Records START
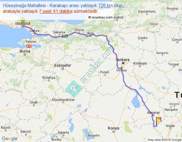 Hüseyinağa Mahallesi - Karakapı arası yaklaşık olarak 90 km/h ile yukarıda belirtilen sürede olup, iki yerin kuş uçuşu uzaklığı (mesafesi) 550'dir. Eğer belirtilen yerler arasında uçak seferi var ise bu süre uçakla 50 dakika'ya kadar düşebilir. Yolculuk otobüsle 9 saat 59 dakika sürmektedir.
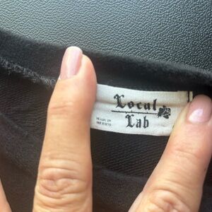Local Lab Black Distressed T-Shirt Women’s Medium – Pink Rose Floral Appliqué Graphic Tee
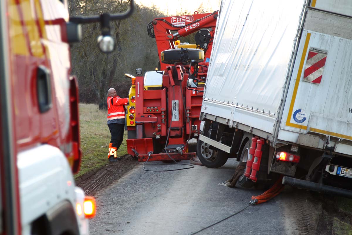 Auf der Umgehung zwischen Neukirchen und Rückershausen drohte ein Lkw umzukippen. Die Feuerwehrleute sicherten den Mitsubishi bis zum Eintreffen des Bergungsunternehmens Ludwig aus Treysa ab.
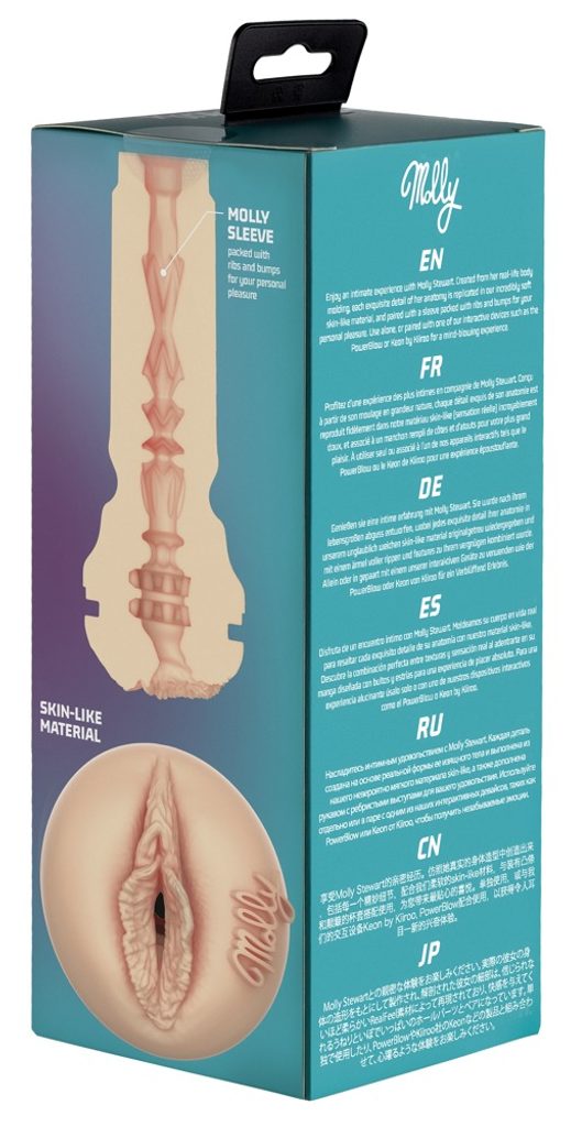 Avtentičen dizajn in podpis Molly Stewart – natančno oblikovana replika, dopolnjena z originalnim podpisom ob vulvi. Ultra mehak material – mehak, prožen in na otip spominja na človeško kožo. Diskretno ohišje s pokrovčkom – idealno za udoben oprijem in enostavno čiščenje. Možnost interaktivne izkušnje – združljiv z napravami Kiiroo PowerBlow in Kiiroo Keon (nista vključena). Enostavno vzdrževanje – notranji rokav lahko preprosto odstraniš in opereš.
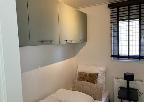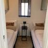 Geräumiges Schlafzimmer mit 2 Einzelbetten mit Flügelfenster mit moskitonetz und viel Stauraumen auf beiden Seiten
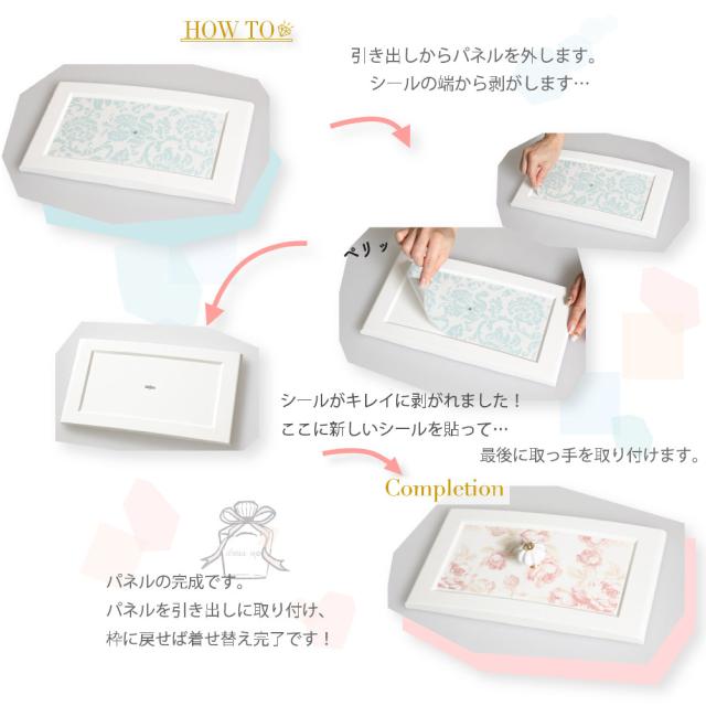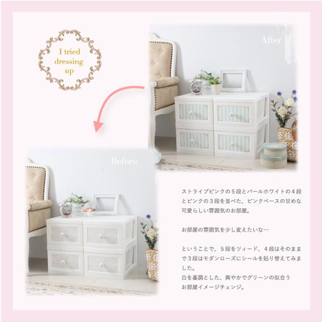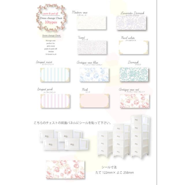 リルデココ ドレスチェンジチェストの着せ替えシールです。ストライプ、ダマスク、ローズなど、豊富な新デザインの追加により、お部屋をさらにコーディネートできます!
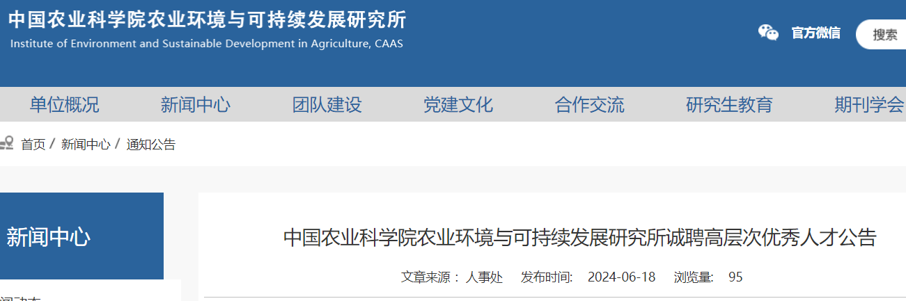 小編根據(jù)中國農(nóng)業(yè)科學(xué)院發(fā)布”中國農(nóng)業(yè)科學(xué)院農(nóng)業(yè)環(huán)境與可持續(xù)發(fā)展研究所誠聘高層次優(yōu)秀人才公告“得知,2024中國農(nóng)業(yè)科學(xué)院農(nóng)業(yè)環(huán)境與可持續(xù)發(fā)展研究所誠聘高層次優(yōu)秀人才2人。
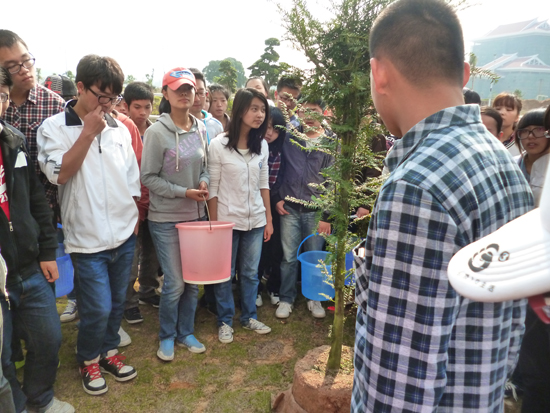 3月16日一大早,参与植树活动的志愿者们就已经带着工具在药学院大楼前集合完毕。在园林工人为志愿者们简单介绍了植树的步骤及注意事项之后,同学们带着各自的工具开始了种植。本次绿化的范围主要是在药学院大楼前的草坪以及动物研究院后面的山坡。种植的树木有红豆杉和凤凰木两种。红豆杉树苗比较矮小便于种植,相对来说,凤凰木的种植难度就比较大了。药学院团委副书记陈国全老师亲临现场进行指挥并参与到植树中来。志愿者们分组进行种植,每个小组三到四人,分工合作,先把树苗放进事先挖好的坑里,然后利用锄头铁锹等工具把土铲进坑内固定好树苗的根部,最后浇水完成种植。因为大家都是第一次种树,对于工具的使用,种植的注意事项还是不够了解,所以园林工人们在一旁进行帮忙和细心指导。
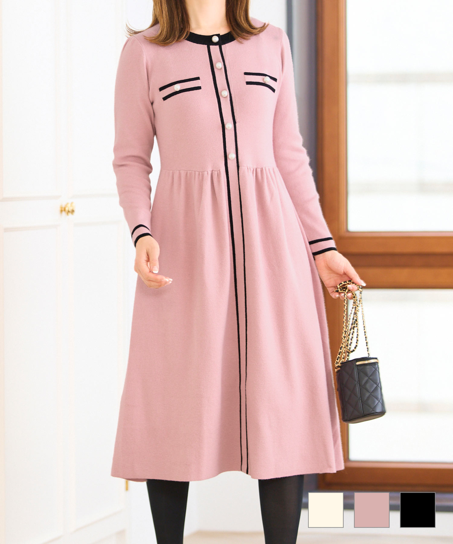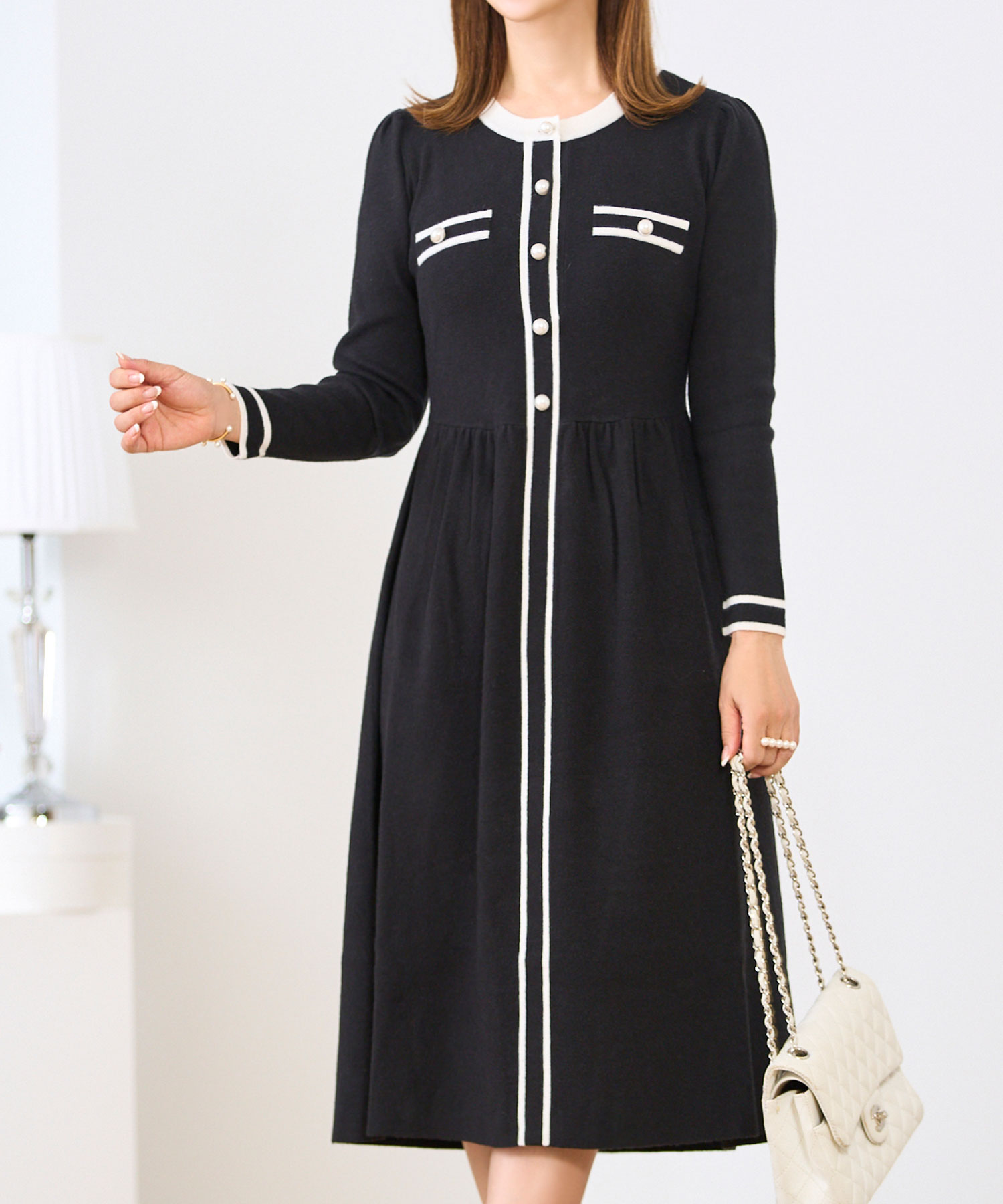 ツイードコンビ バイアス ワンピース 長袖(Prima Scherrer)¥17,380(税込)
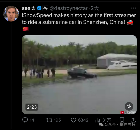 (IShowSpeed 創(chuàng)造了歷史,成為第一個(gè)在中國(guó)深圳乘坐潛水艇車的流量博主?。?/p>
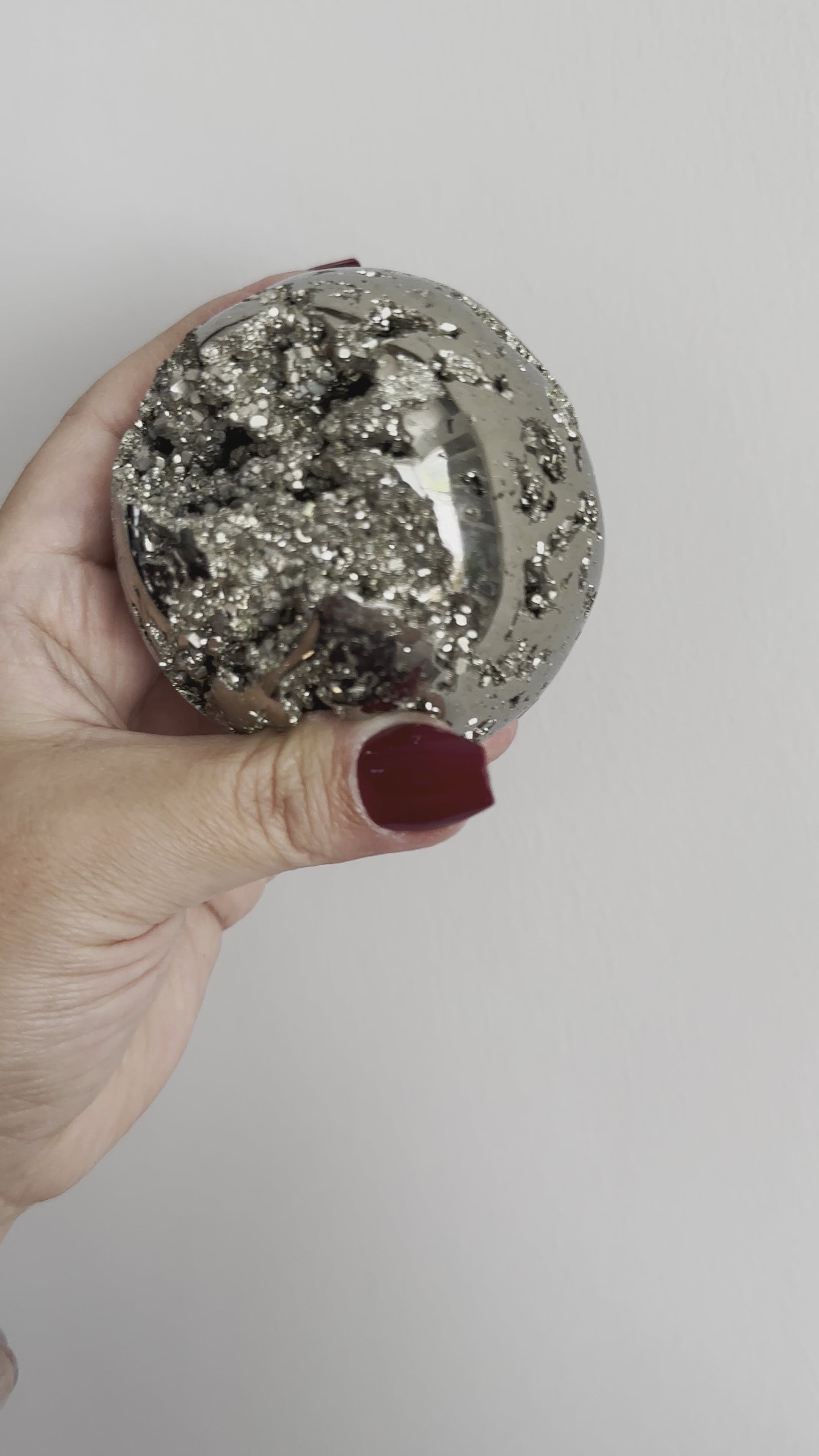 Paris is a prime Pyrite sphere from Peru that exudes sophistication, sure to draw you in with at first glance She radiates an aura of sophistication and captivating beauty. Admirers of Pyrite are encouraged to seek Pyrite sourced from Peru due to its mirror-like surface and sparkling druzy pockets.
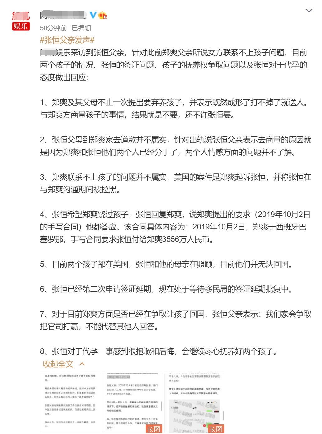 之后张恒父亲也出来发声,指责郑爽及其父母不止一次提出要弃养孩子,郑爽还提出15点要求,让张恒支付给她3556万元人民币。
Records END
Restate each entry word for word, please, but drop any images it holds.

=== Answer box ===
 Hüseyinağa Mahallesi - Karakapı arası yaklaşık olarak 90 km/h ile yukarıda belirtilen sürede olup, iki yerin kuş uçuşu uzaklığı (mesafesi) 550'dir. Eğer belirtilen yerler arasında uçak seferi var ise bu süre uçakla 50 dakika'ya kadar düşebilir. Yolculuk otobüsle 9 saat 59 dakika sürmektedir.
Local Lab Black Distressed T-Shirt Women’s Medium – Pink Rose Floral Appliqué Graphic Tee
 Auf der Umgehung zwischen Neukirchen und Rückershausen drohte ein Lkw umzukippen. Die Feuerwehrleute sicherten den Mitsubishi bis zum Eintreffen des Bergungsunternehmens Ludwig aus Treysa ab.
 Avtentičen dizajn in podpis Molly Stewart – natančno oblikovana replika, dopolnjena z originalnim podpisom ob vulvi. Ultra mehak material – mehak, prožen in na otip spominja na človeško kožo. Diskretno ohišje s pokrovčkom – idealno za udoben oprijem in enostavno čiščenje. Možnost interaktivne izkušnje – združljiv z napravami Kiiroo PowerBlow in Kiiroo Keon (nista vključena). Enostavno vzdrževanje – notranji rokav lahko preprosto odstraniš in opereš.
 Geräumiges Schlafzimmer mit 2 Einzelbetten mit Flügelfenster mit moskitonetz und viel Stauraumen auf beiden Seiten
 リルデココ ドレスチェンジチェストの着せ替えシールです。ストライプ、ダマスク、ローズなど、豊富な新デザインの追加により、お部屋をさらにコーディネートできます!
 小編根據(jù)中國農(nóng)業(yè)科學(xué)院發(fā)布”中國農(nóng)業(yè)科學(xué)院農(nóng)業(yè)環(huán)境與可持續(xù)發(fā)展研究所誠聘高層次優(yōu)秀人才公告“得知,2024中國農(nóng)業(yè)科學(xué)院農(nóng)業(yè)環(huán)境與可持續(xù)發(fā)展研究所誠聘高層次優(yōu)秀人才2人。
 3月16日一大早,参与植树活动的志愿者们就已经带着工具在药学院大楼前集合完毕。在园林工人为志愿者们简单介绍了植树的步骤及注意事项之后,同学们带着各自的工具开始了种植。本次绿化的范围主要是在药学院大楼前的草坪以及动物研究院后面的山坡。种植的树木有红豆杉和凤凰木两种。红豆杉树苗比较矮小便于种植,相对来说,凤凰木的种植难度就比较大了。药学院团委副书记陈国全老师亲临现场进行指挥并参与到植树中来。志愿者们分组进行种植,每个小组三到四人,分工合作,先把树苗放进事先挖好的坑里,然后利用锄头铁锹等工具把土铲进坑内固定好树苗的根部,最后浇水完成种植。因为大家都是第一次种树,对于工具的使用,种植的注意事项还是不够了解,所以园林工人们在一旁进行帮忙和细心指导。
 ツイードコンビ バイアス ワンピース 長袖(Prima Scherrer)¥17,380(税込)
 (IShowSpeed 創(chuàng)造了歷史,成為第一個(gè)在中國(guó)深圳乘坐潛水艇車的流量博主?。?/p>
 Paris is a prime Pyrite sphere from Peru that exudes sophistication, sure to draw you in with at first glance She radiates an aura of sophistication and captivating beauty. Admirers of Pyrite are encouraged to seek Pyrite sourced from Peru due to its mirror-like surface and sparkling druzy pockets.
 之后张恒父亲也出来发声,指责郑爽及其父母不止一次提出要弃养孩子,郑爽还提出15点要求,让张恒支付给她3556万元人民币。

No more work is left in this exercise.